Так возник вопрос о п_р_о_и_с_х_о_ж_д_е_н_и_и и_н_д_е_й_ц_е_в, не вполне разрешенный наукой и до настоящего времени.
Если бы было доказано, что Америка была самостоятельной колыбелью индейского населения, и что между ним и остальным человечеством не было никакой родственной связи, то этот вопрос потерял бы свою остроту и смысл.
Но данные науки о языке (лингвистика) и сравнительной истории культур с несомненностью говорят о том, что американские индейцы или имели общих с остальным человечеством предков, или что в отдаленнейшие эпохи существования земли должно было быть общение между населением тех материков, которые мы сейчас называем Старым Светом, и жителями Нового. Действительно, исследуя язык туземцев Америки, ученые пришли к заключению о тождественности корней некоторых слов, имеющих одно и то же значение, в языках: индейском, китайском, суммерийском и ассирийском. Еще Гумбольдт говорил о нескольких десятках корней, общих индейским наречиям и языкам монголов, кельтов и басков. Уже в новейшее время обнаружено сходство наречий одной из групп северо-американских индейцев с китайско-тибетскими диалектами.
Кроме того, более детальные исследования мифов, легенд и древних народных поверий индейцев обнаружили близкое сходство их со сказаниями и мифами вавилонско-библейскими. Таким образом, язык и древнейшие индейские сказания как бы указывают на Азию, как на источник своего возникновения.
Когда европейские завоеватели кинулись на вновь открытый материк Америки, они встретили там (и позже стерли с лица земли) замечательные первобытные цивилизации: толтеков и ацтеков в Мексике, инков в Перу и др. Многочисленные элементы этих культур (иероглифы, архитектура, религиозные верования и обряды) опять-таки свидетельствовали о связи их в древности с высокими цивилизациями Азии, а также Египта.
Еще с большей убедительностью указывают на азиатский первоисточник происхождения индейцев антропологические изыскания. Один американский ученый-антрополог, специально изучавший сибирских инородцев, пришел к заключению, что среди доживших до нас представителей древнего населения северной Азии сохранился тип, ничем не отличающийся от типа американских индейцев. И если ближе всмотреться в тип индейца, то, несмотря на различие, которое существует в деталях между отдельными туземными народностями Америки, приходится склониться к убеждению, что в их образовании должен был сыграть роль именно монгольский элемент, т.-е. монгольская раса. Цвет кожи индейца желтый,приближающийся иногда к медно-красному, чаще же всего — к бронзовому оттенку. Волосы черные, прямые и длинные. Оттенком кожи и глаз, формою и цветом волос, отсутствием или малым развитием бороды и усов, выдающимися скулами,— всем этим индеец напоминает м_о_н_г_о_л_а.
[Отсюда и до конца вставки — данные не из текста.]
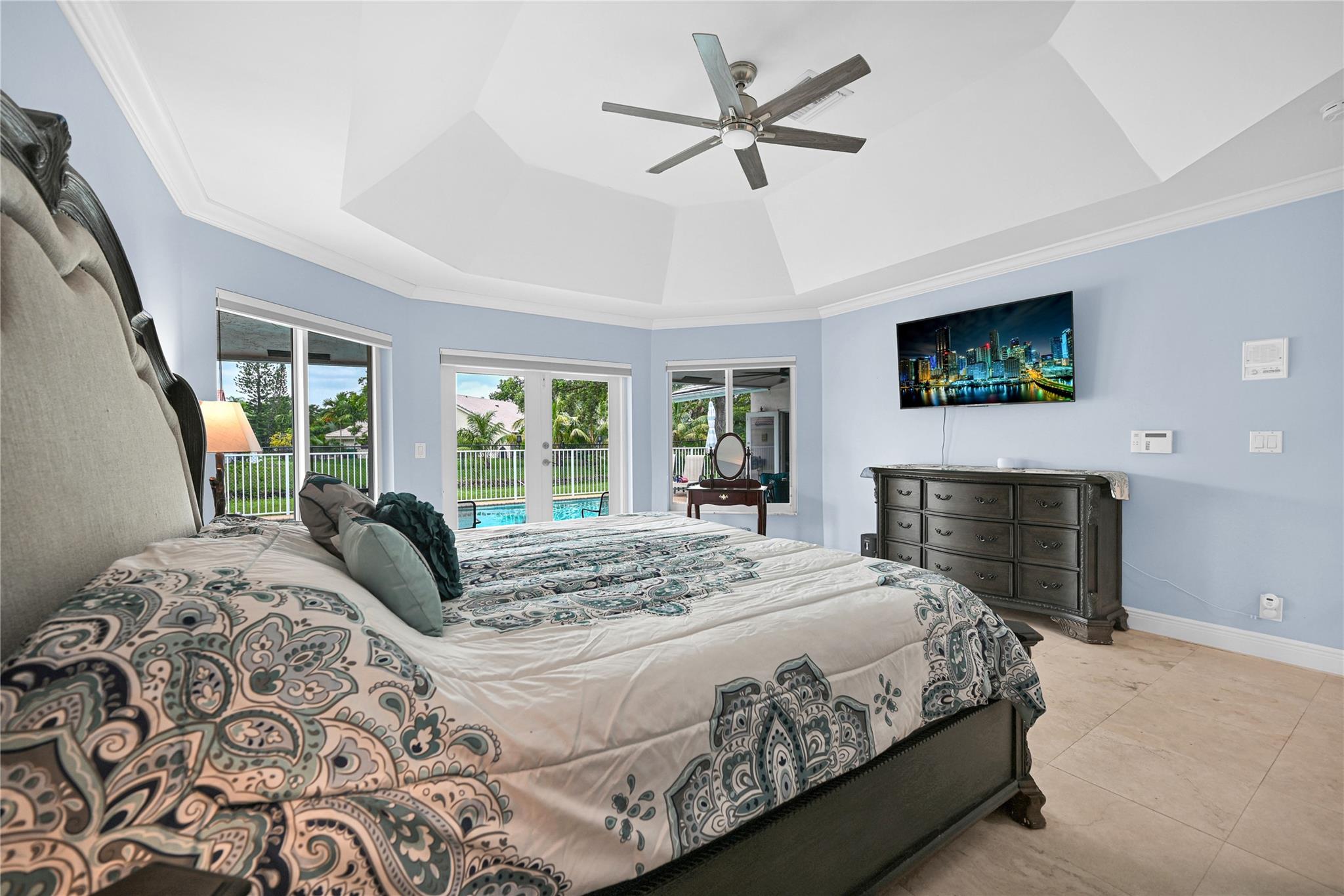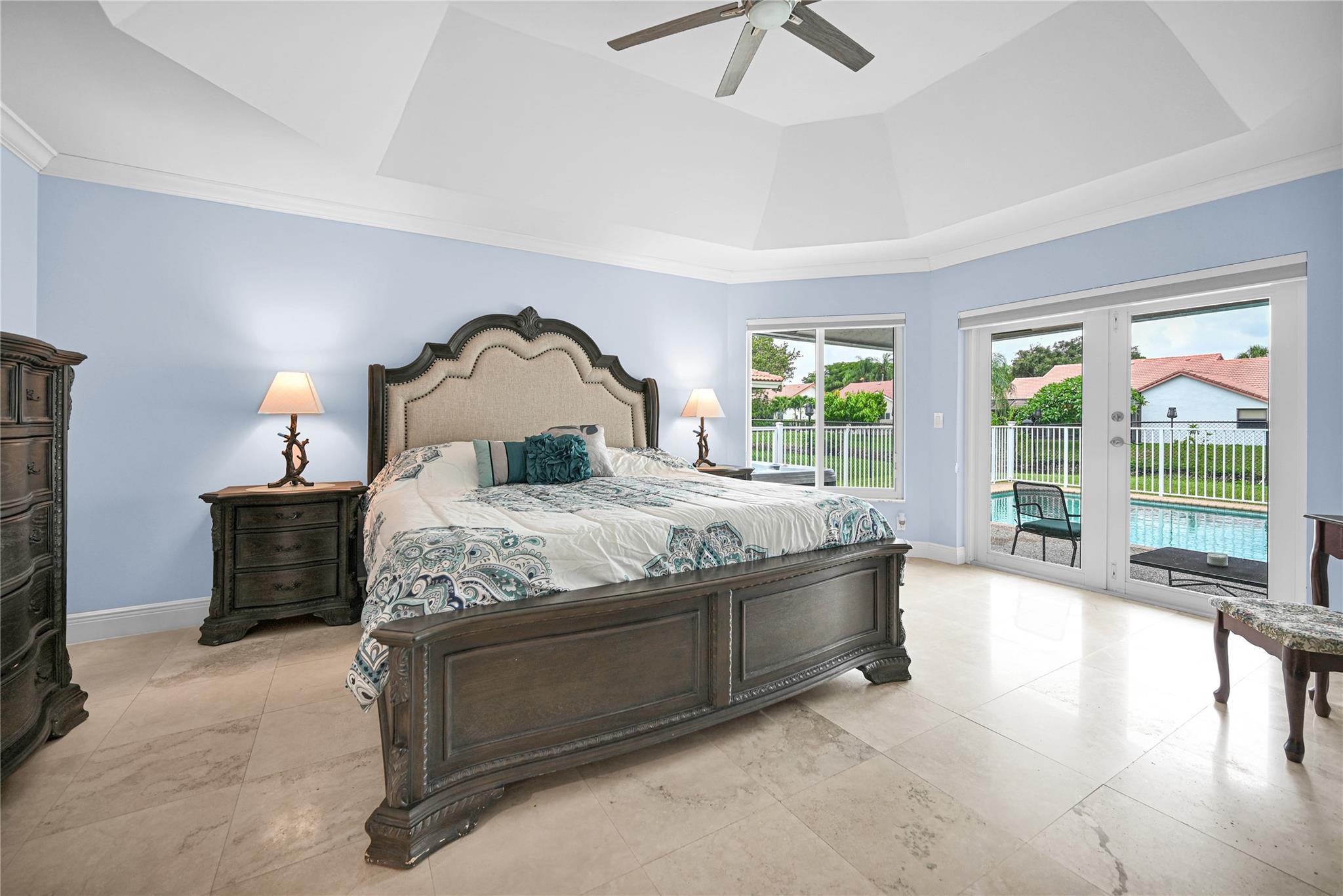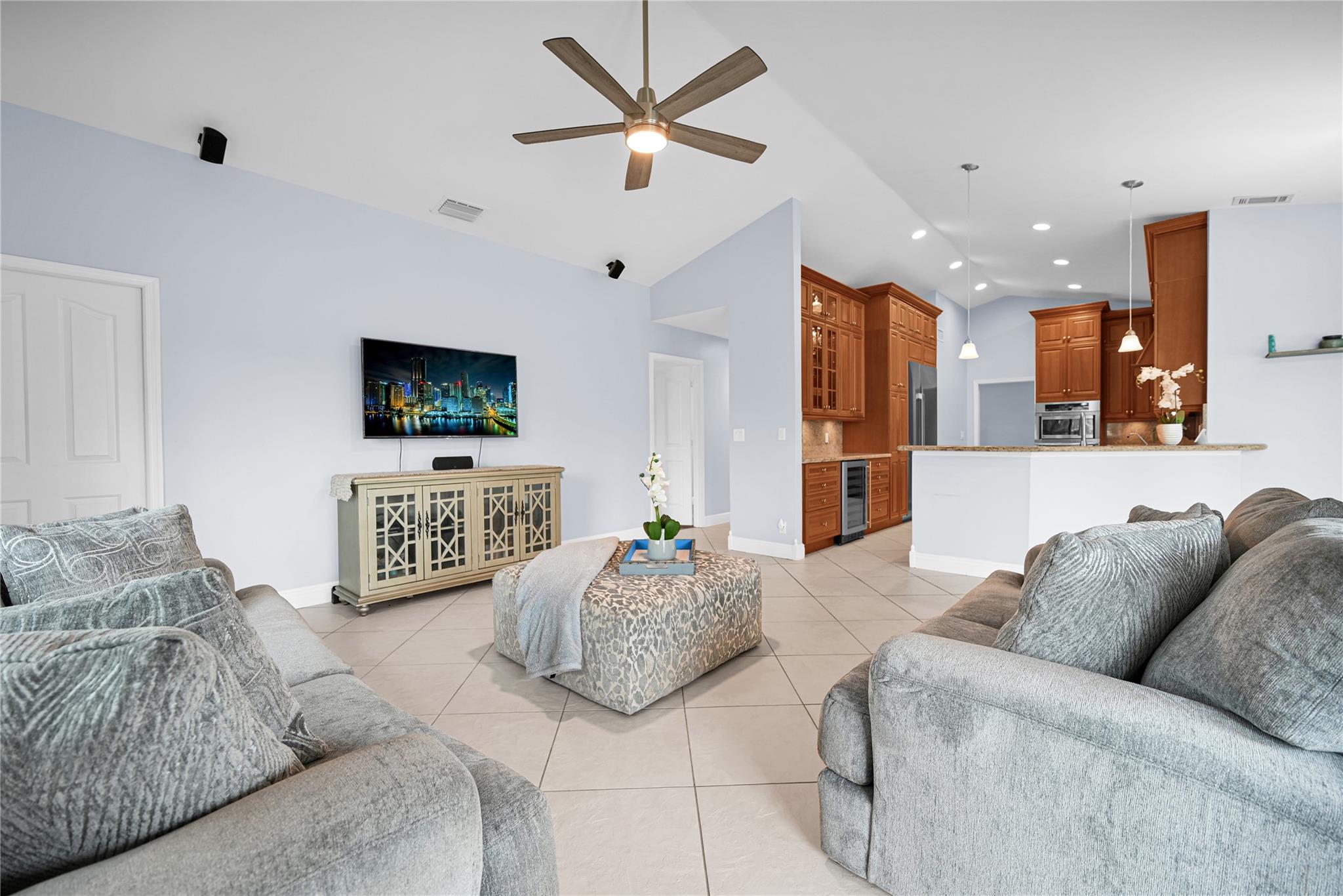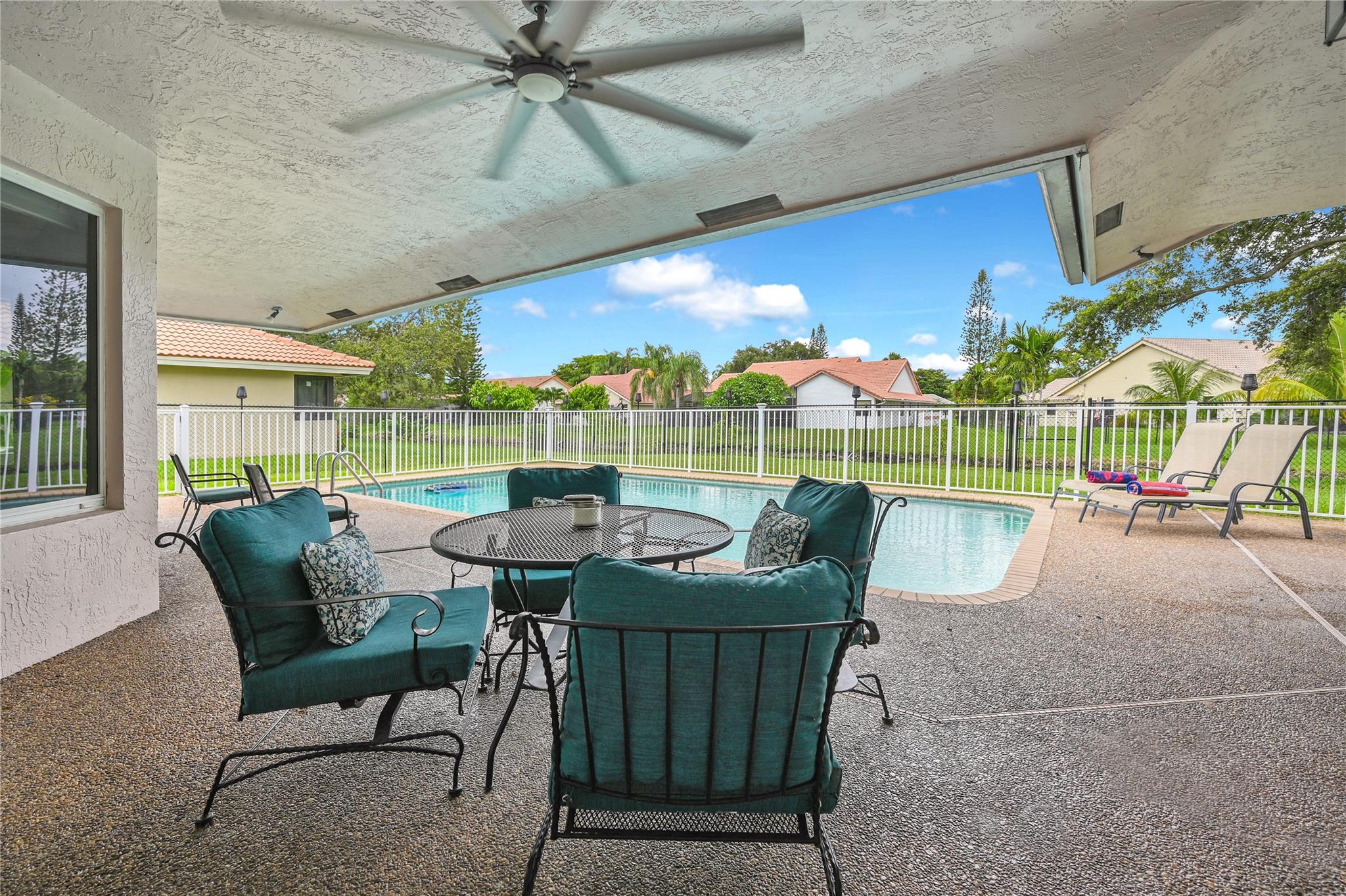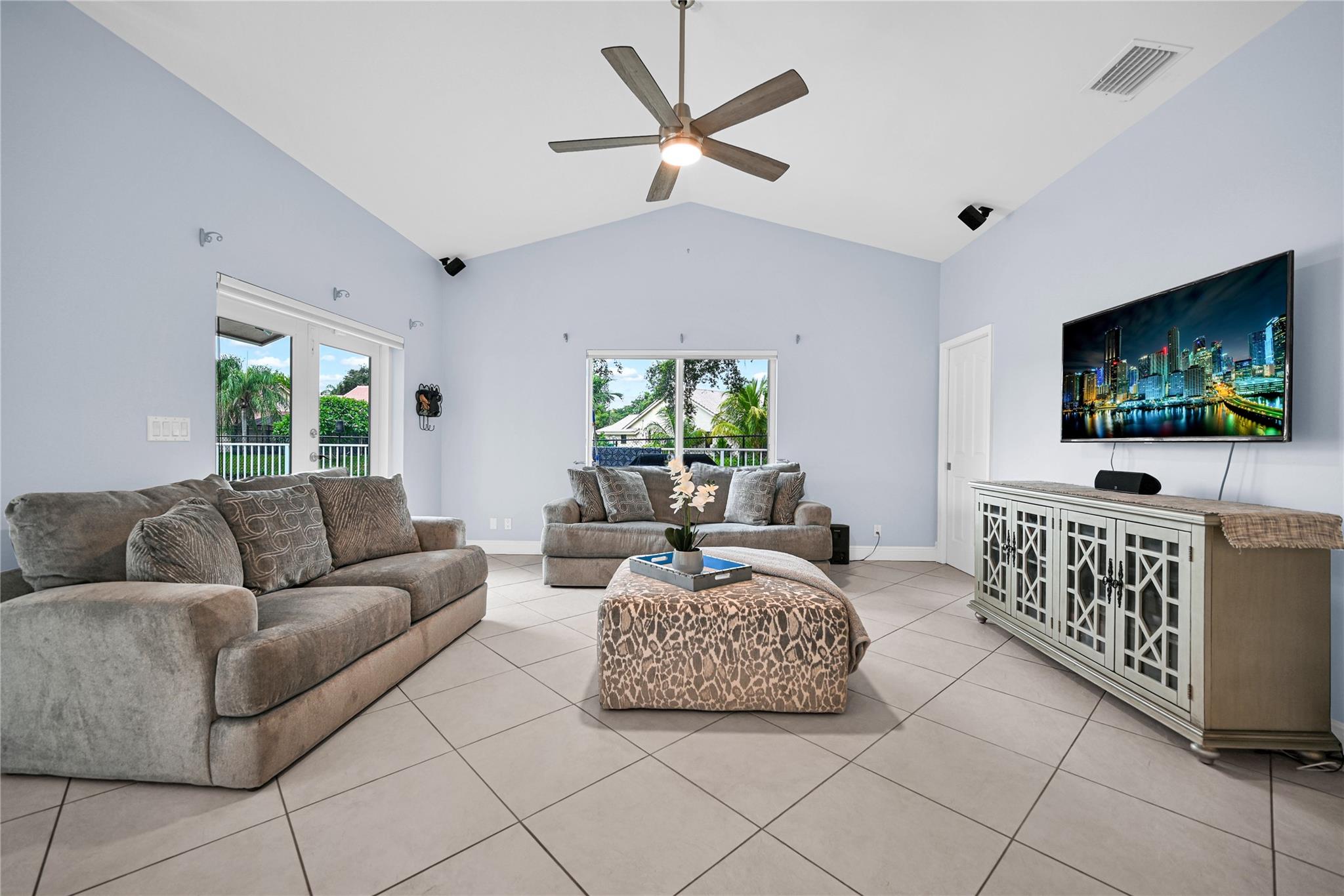 This 4 bedroom pool home in Pine Ridge offers a blend of luxury and practicality. Situated conveniently in Coral Springs, it boasts several attractive features such as hurricane impact windows and doors, ensuring safety and peace of mind during storms. The salt water pool and hot tub provide a relaxing retreat right in your backyard. Inside, the kitchen is equipped with high-end appliances including a Dacor stainless steel fridge, complemented by granite countertops. The vaulted ceilings add an airy, spacious feel to the living areas. The split-level bedroom floor plan ensures privacy. Smart features integrated throughout the home offer convenience and efficiency. With a low HOA, residents enjoy community living without excessive fees.

Однако, необходимо отметить, что, несмотря на физическое, психологическое и культурное сходство всех индейцев между собой, американская раса не сможет считаться единою в смысле родовой чистоты. Между различными племенами индейцев Северной и Южной Америки существуют различия в росте, форме черепа и лица, в цвете кожи, и т. п.
Индейцы, повидимому, подобно белым,— раса смешанной крови (метисы), и можно говорить лишь, о п_р_е_о_б_л_а_д_а_н_и_и в образовании этой расы монгольского элемента.
В настоящее время достаточно твердо установлено родство между некоторыми индейскими племенами и жителями Полинезии и Австралии.
Таким образом, мы подходим вплотную к интереснейшему выводу. Оказывается, что огромный остров-материк, со всех сторон окруженный пустыней океанов, тем не менее был издавна заселен многочисленной расой, родственной расам Старого Света или издревле имевшей с ним теснейшее общение.
Быть-может, население это появилось лишь в позднейшее время? Ведь, повидимому, Америка была посещаема людьми Старого Света задолго до открытия Колумба. Еще в V столетии христианского летоисчисления Китай посылал свои джонки в далекую страну Фузанг — ‘за море, на восток’, а этой страной могла быть только Средняя Америка, лежащая, действительно, ‘за морем, на востоке’.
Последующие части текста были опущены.